More importantly, drought-tolerant plants displayed low biomass losses. The biomass reduction rates of CRISPRa AREB-OX plants were significantly lower than the ratios observed in WT plants (Fig. 2C) at a similarly reduced soil moisture content. The biomass loss of AREB1-OX plants was almost the same after 10 and 20 days of stress. In contrast, the WT plants displayed a two fold increase in biomass loss during the same period. The RWC and biomass loss ratios are associated with water use efficiency and evapotranspiration balance in plants.

The overexpression of AREB-1 promotes a protective effect against drought-induced oxidative stress

As a result of water deprivation, plants under drought display imbalanced photosynthesis, and high levels of oxidative damage caused by ROS accumulation18,19. Since the transgenic plants showed a lower degree of leaf damage than the WT plants, we investigated whether CRISPRa AREB-OX plants also display lower ROS accumulation and consequent lower cell membrane damage.

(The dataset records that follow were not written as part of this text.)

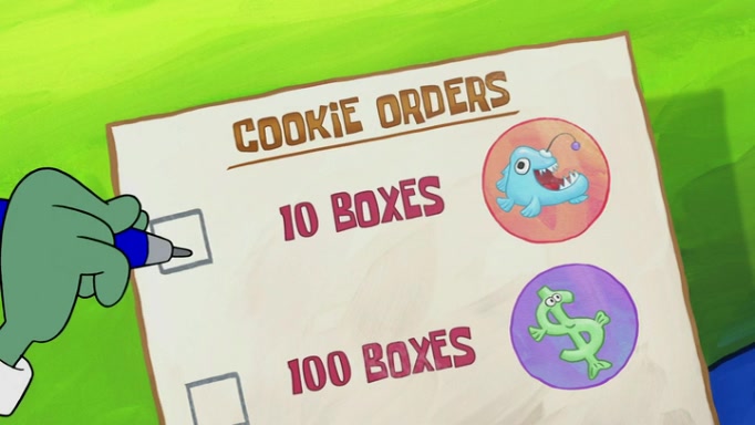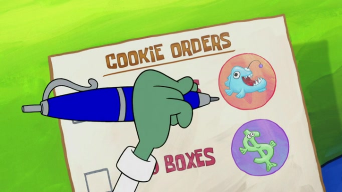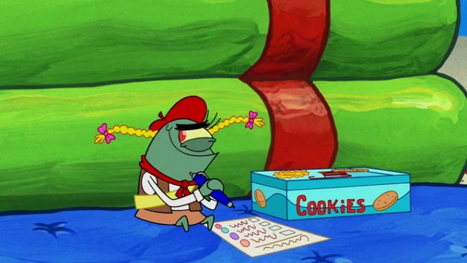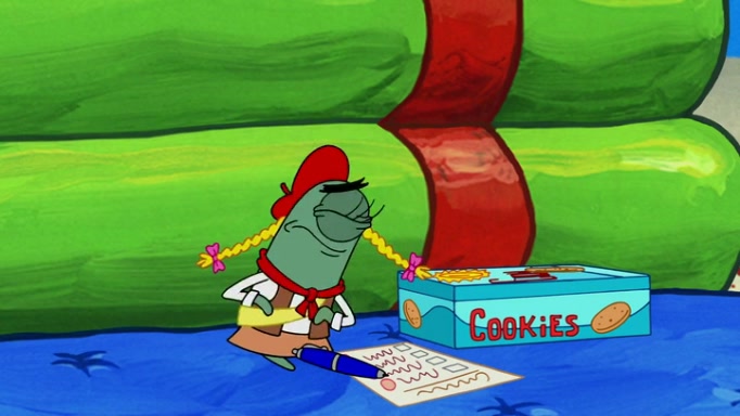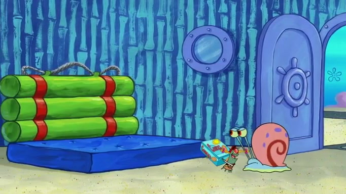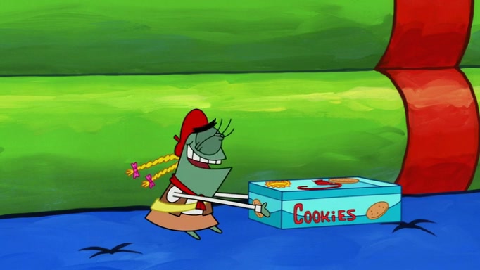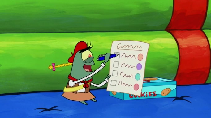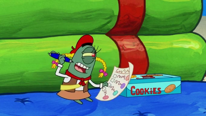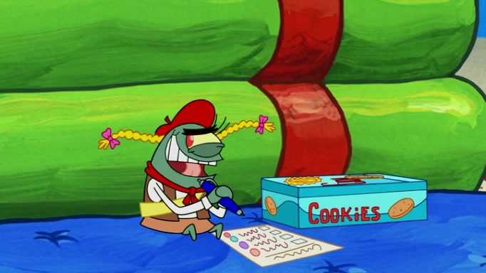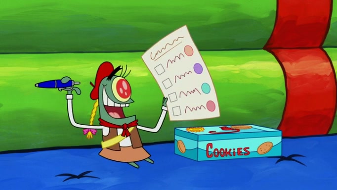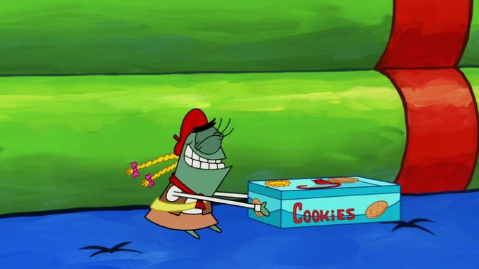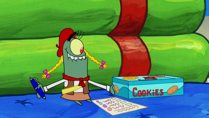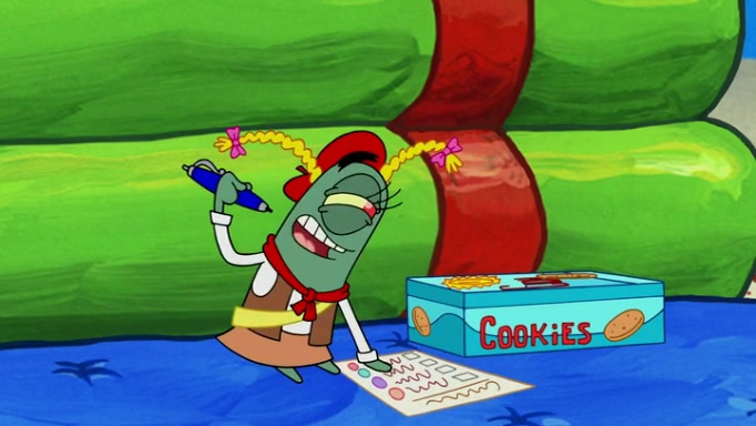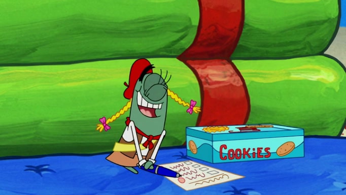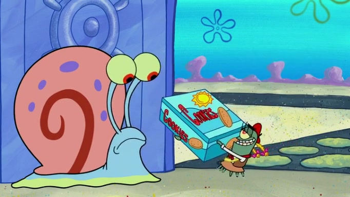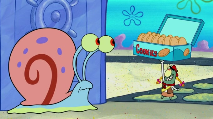 Later at closing time, SpongeBob tries to sneak home with the formula but is greeted by Plankton. The two of them talk for a little bit until SpongeBob excuses himself to go home. The next morning, SpongeBob is seen talking to Gary entrusting the safety of the secret formula to him. Plankton is spying on them and watches as SpongeBob leaves. Plankton then disguises himself as a door-to-door salesman selling snail products. However, Gary closes the door on him and Plankton angrily walks off. Moments later, Plankton is disguised as a Sweetie Patrol Girl and tries to sell cookies to Gary, but Gary ends up putting the sofa with Plankton on it outside. Plankton throws down the cookies in a fit of anger and gets blown up as a result, making a mental note that nitroglycerin is not a good substitute for vanilla extract.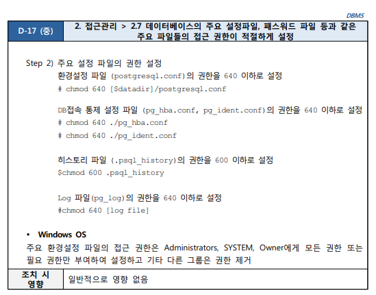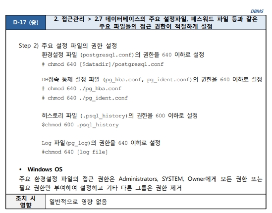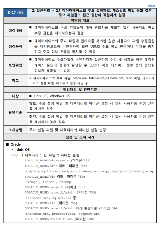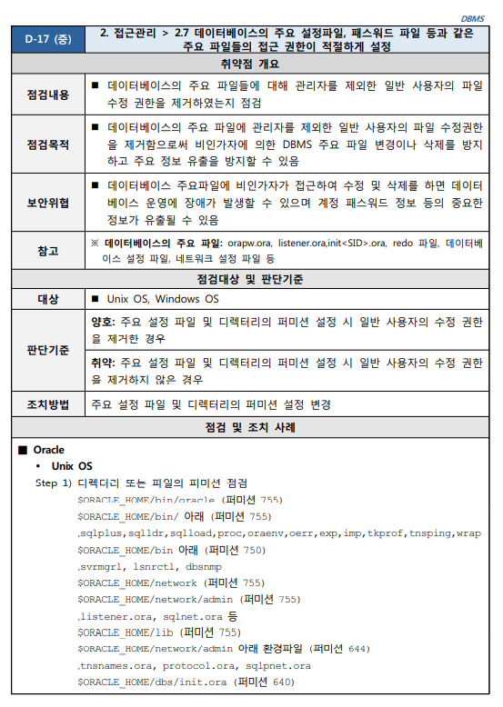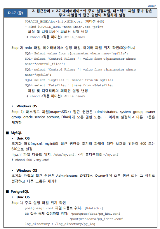 2.7. 데이터베이스의 주요 설정파일, 패스워드 파일 등과 같은 주요 파일들의 접근 권한이 적절하게 설정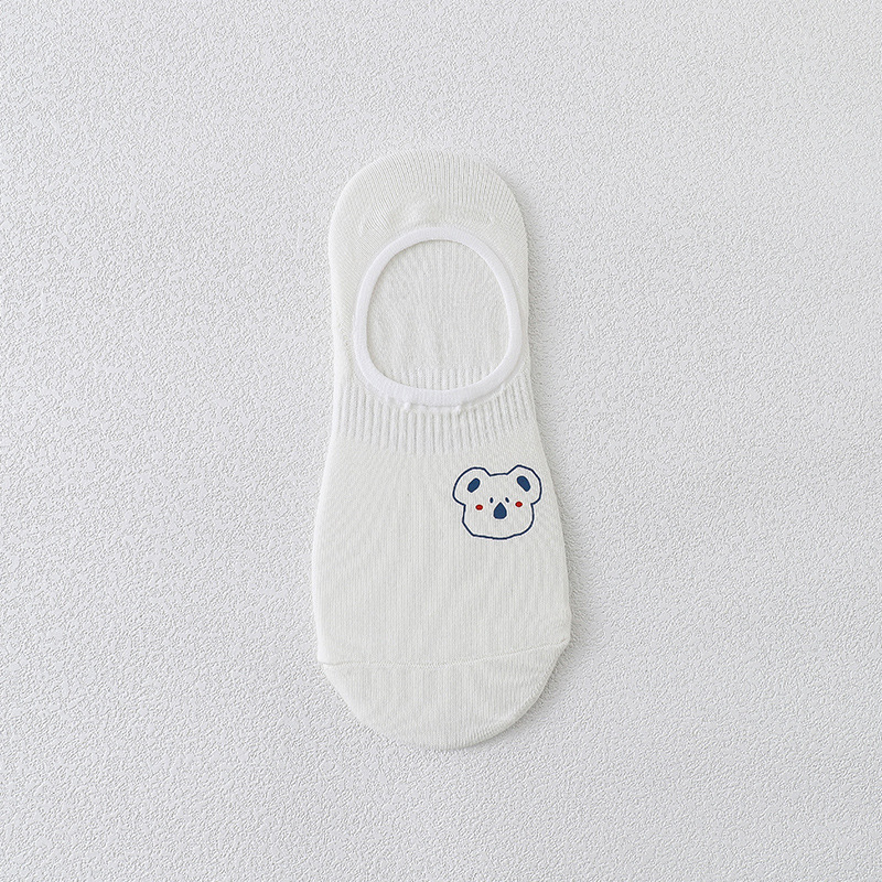 봄과 여름 만화 핫 스탬핑 동물 흰색 면 보이지 않는 양말 아카데미 스타일 여성용 얕은 입 양말 스포츠 학생 양말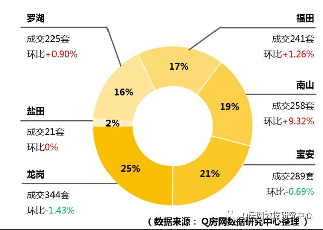 上周除了福田区报价无变动以外,其它六区业主报价普跌,龙华跌幅达到1.2%。

Our results demonstrated that under 30 days of water deprivation conditions, the transgenic plants displayed higher levels of chlorophyll A than the WT plants (Fig. 3A). The levels of chlorophyll B were also significantly higher in transgenic lines than in WT plants (Fig. 3A). After recovery, the transgenic plants exhibited levels of chlorophyll close to those displayed by control plants, indicating an appreciable recovery capacity that was not displayed by the wild-type plants (Fig. 3A). Finally, the levels of total chlorophyll in AREB1-OX plants are higher than in WT as an adaptive preset mechanism, independently on the condition, which justifies the green and healthy phenotype previously observed as an effect of AREB-1 up-regulation in transgenic plants.

Figure 3
figure 3

Biochemical characterization of AREB1-OX plants under drought. (A) Chlorophyll levels. The levels of chlorophyll A, B, and total chlorophyll were determined in ethanolic extracts during water deprivation by spectrophotometry at 645 nm and 663 nm. Total chlorophyll was expressed as µg/mg of tissue. (B) TBA-reactive compounds. In several stresses, plant cells produce ROS. During drought, the collapse of the photosynthetic apparatus enhances the effects of tissue oxidation, culminating in higher levels of malondialdehyde, a TBA-reactive compound produced during lipid peroxidation. (C) DAB-mediated hydrogen peroxide detection in leaves. Stressed leaves were stained with DAB and distained in an ethanol bath for H2O2 detection. (D) Soluble sugar quantification. The soluble sugars were spectrophotometrically quantified in ethanolic extracts by the DNS method using a glucose-based standard curve. Biochemical analyses were conducted with 3 biological and 2 technical replicates. The bars indicate 5% standard error, and asterisks indicate t-test statistical significance under 95% confidence.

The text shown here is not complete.